In the present invention for achieving the above object, in the unit pixel of the CMOS image sensor having a photodiode for generating a photocharge and a transfer transistor for transferring the photocharge generated in the photodiode to the floating diffusion, the photodiode Has an octagonal shape, and the gate of the transfer transistor is formed in contact with one side of the octagonal photodiode.

In addition, the present invention relates to a unit pixel of a CMOS image sensor including a photodiode, a metal wiring, a color filter, and a microlens, wherein the photodiode has an octagonal shape, and the metal wiring has a virtual internal region formed in a plane. It has an octagonal shape on the photodiode, and the color filter and the microlens are formed by stacking on the photodiode and having a planar shape whose length in the vertical and horizontal directions passing through the center point is larger than the length of one side. It is characterized by that.

In addition, the unit pixel of the CMOS image sensor of the present invention, the photodiode having an octagonal shape in a plane; A gate of a transfer transistor formed in contact with one side of an octagonal shape of the photodiode; A metal interconnection formed such that an imaginary inner region has an octagonal shape on the photodiode; And a color filter and a microlens formed by being stacked on the photodiode and having a rhombic shape whose length in the vertical and horizontal directions through which the planar shape passes through the center point is larger than the length of any side. .

Hereinafter, the most preferred embodiments of the present invention will be described in detail so that those skilled in the art can easily implement the technical idea of the present invention.

3 is a unit pixel layout of a CMOS image sensor according to an exemplary embodiment of the present invention.

FIG. 3A shows the relationship between the isolation and the polysilicon line, FIG. 3B shows the relationship between the photodiode and the metallization, and FIG. 3C shows the relationship between the photodiode region, color filter and microlens.

Referring to FIG. 3A, unlike the conventional art, the photodiode region 301 has an octagonal shape, and active regions (including floating diffusion and drain diffusion) of the transistors constituting the unit pixels 303, 305, 307, It should be noted that 309 is formed to extend linearly in one direction from the photodiode region.

In addition, the gate polysilicon 302 of the transfer transistor is formed in contact with one surface of the octagonal photodiode region 301, and is gradually spaced apart from the photodiode, and the gate polysilicon 304 of the reset transistor is formed on the active region. The gate polysilicon 306 of the drive transistor and the gate polysilicon 308 of the select transistor are formed.

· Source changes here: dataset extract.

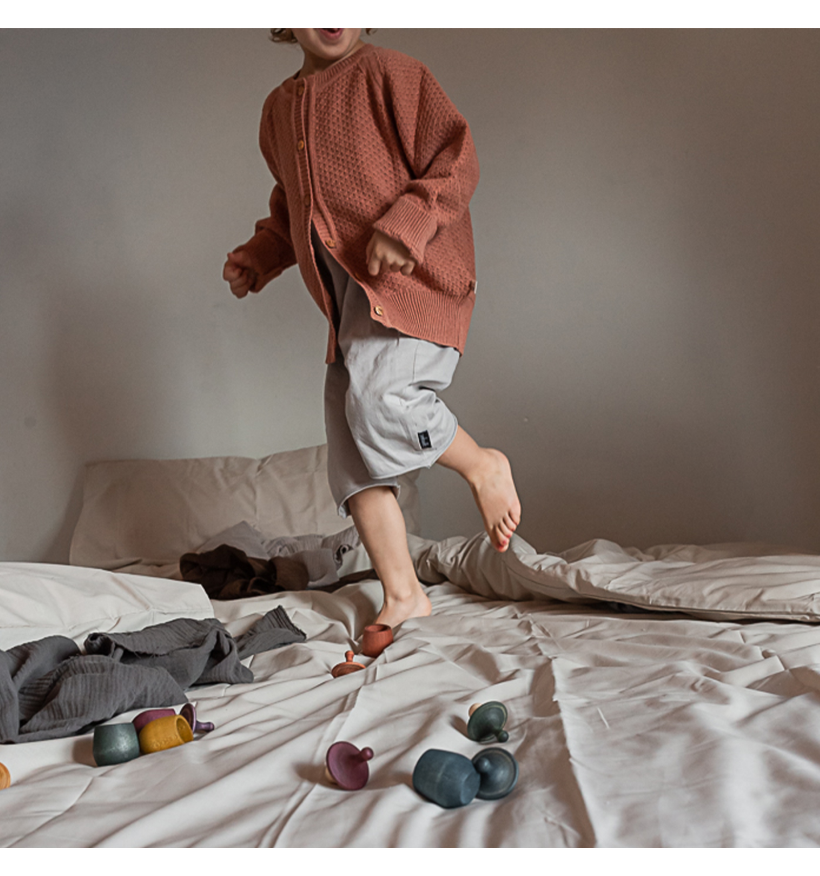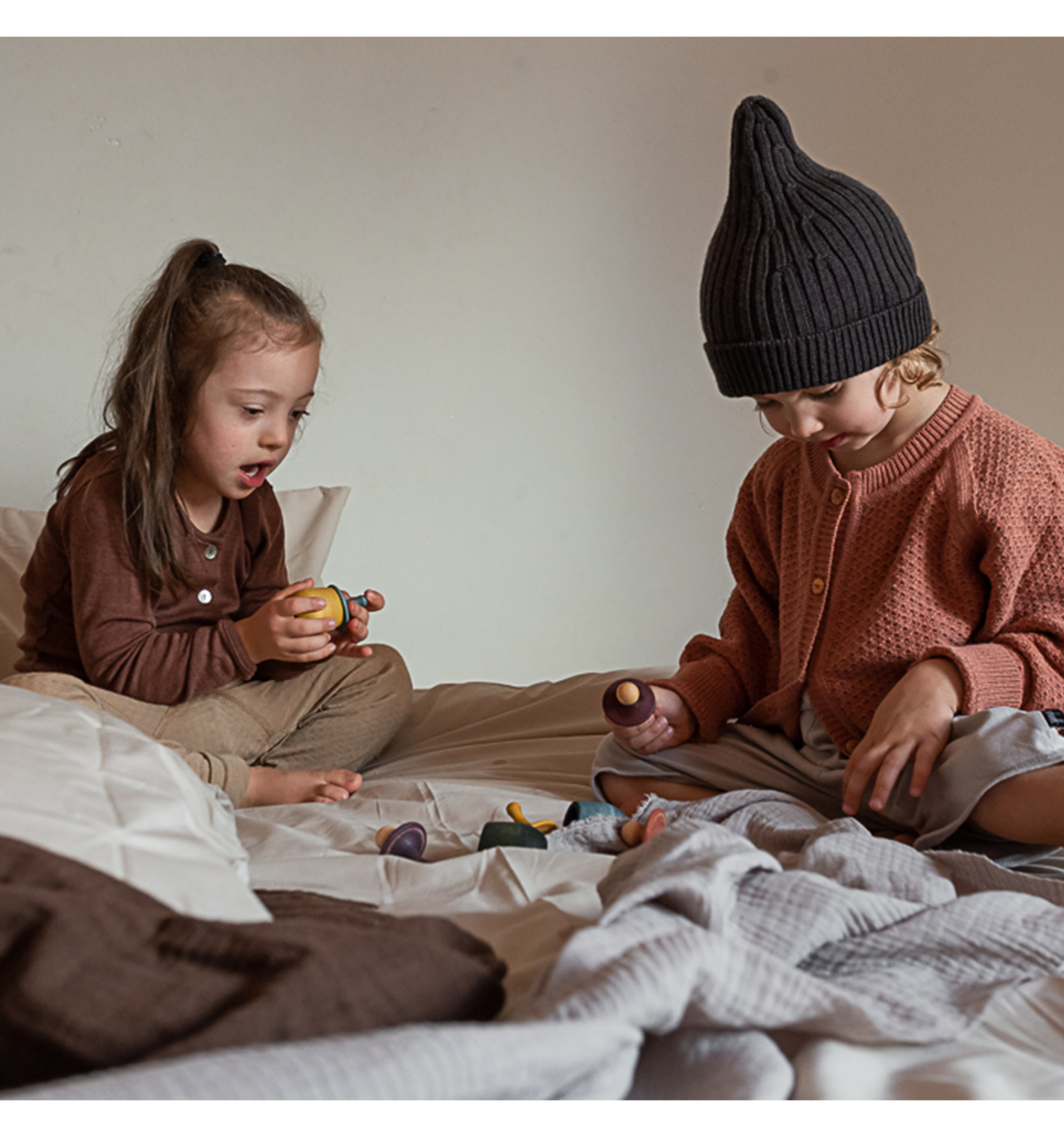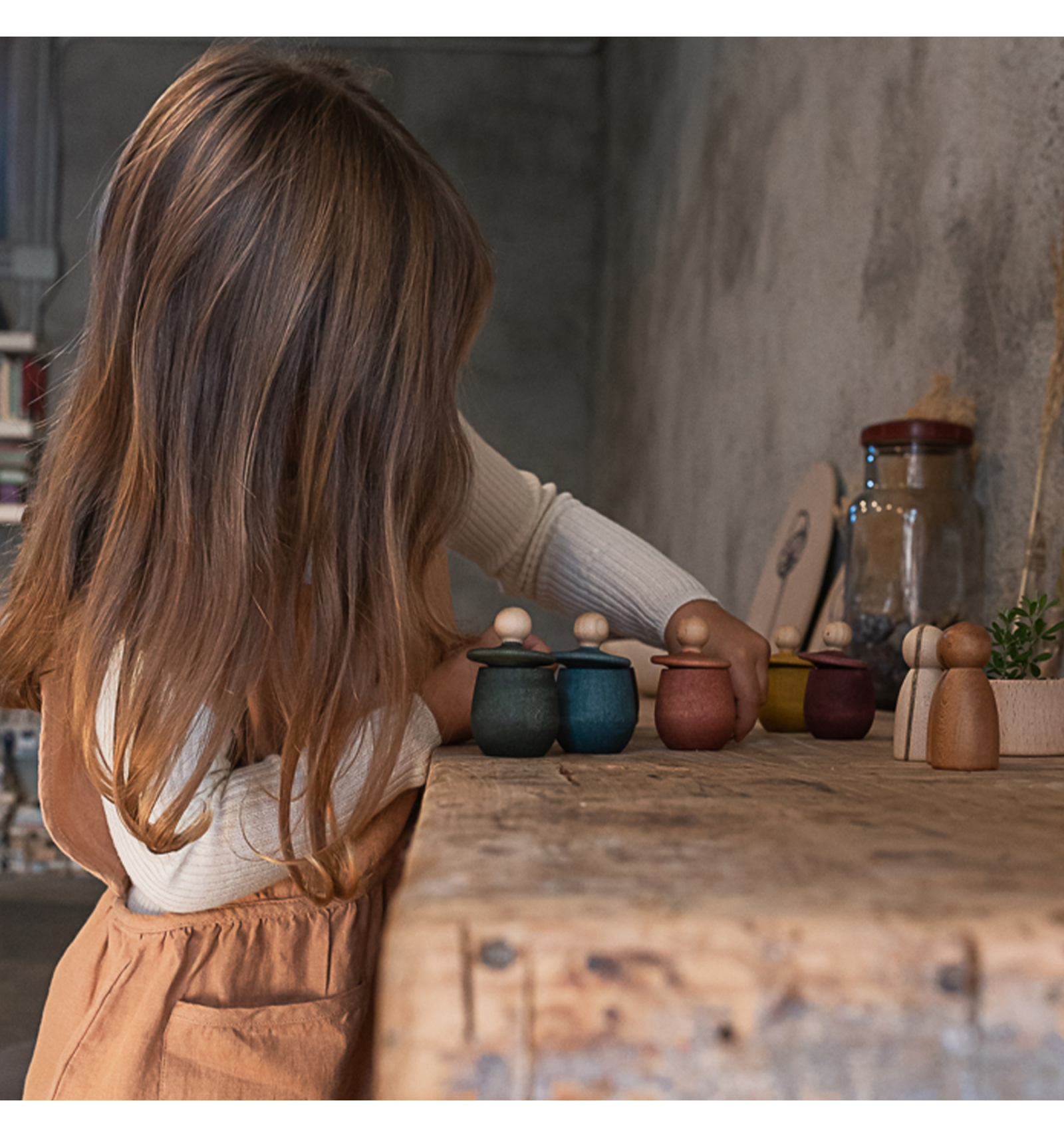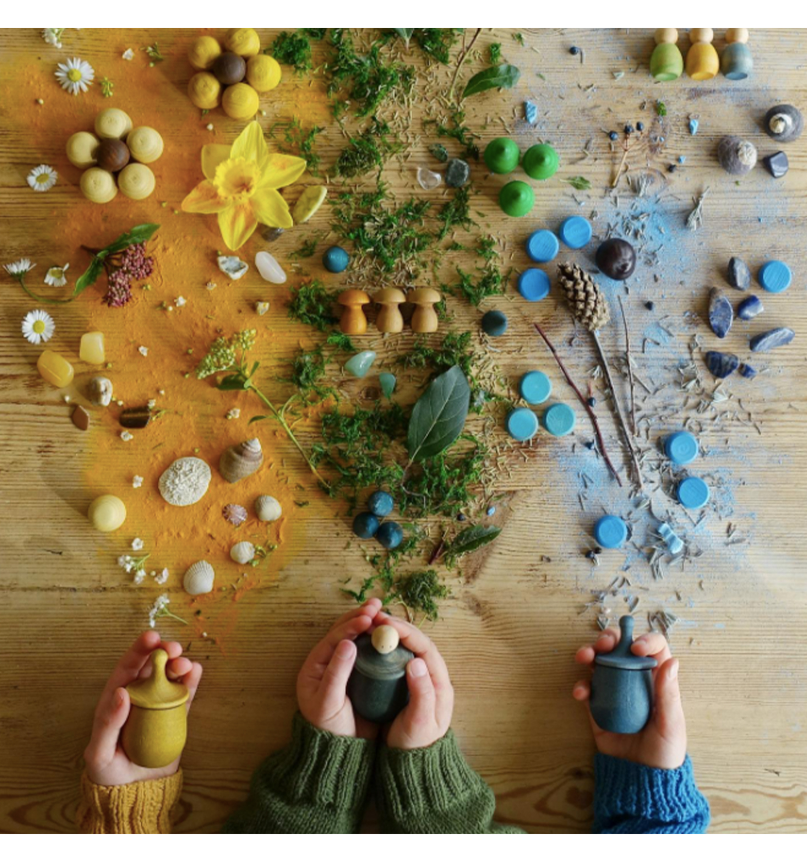 Sense manuals d'instruccions, els kits de Grapat volen incentivar el joc lliure i creatiu, acostant-nos a la naturalesa i al món de la fantasia. Realitzat amb fusta (faig i bedoll) de boscos controlats i pintats a mà amb tints vegetals, el material de joc sempre es viu, sempre transmet, explica històries només mirar-lo, i fa sentir.

The floating diffusion region 303 is formed in an active region between the gate polysilicon 302 of the transfer transistor and the gate polysilicon 304 of the reset transistor, and is laid out in a square shape without bending.

The effect of the CMOS image sensor unit pixel having the structure of FIG. 3A will be described.

First, since the photodiode has an octagonal shape and the gate of the transfer transistor is formed in contact with one surface thereof, the photodiode is formed symmetrically with respect to the gate of the transfer transistor as compared with the prior art (FIG. 2). The electric field spreads widely in and forms satisfactorily.

Therefore, the photocharge generated in the photodiode is transferred to the floating diffusion smoothly with almost no dead zone, that is, the photoelectric charge transfer efficiency is maximized to improve the sensor image quality.

In addition, in the unit pixel structure of the present invention, since the active region is formed to extend only in one direction, the floating diffusion region 303 has a small outer area, thereby reducing capacitance. This can be maximized by increasing the voltage change as can be seen in Equation 1 above. After all, the picture quality can be improved.

In addition, since the gate of the reset transistor, the gate of the drive transistor, and the gate of the select transistor are formed to be spaced apart from the photodiode as much as possible, it is possible to minimize noise when reading data, thereby improving image quality.

In addition, since the active region is formed to extend only in one direction, the gain of the mask and the etching process is increased, thereby facilitating the manufacturing process, and thus, improving the manufacturing yield.

3B shows a relationship between the photodiode 301, the first metal wiring 321, and the second metal wiring 322, which are formed in a planar manner by the first and second metal wirings 321 and 322. The virtual inner region 323 is also octagonal on the photodiode.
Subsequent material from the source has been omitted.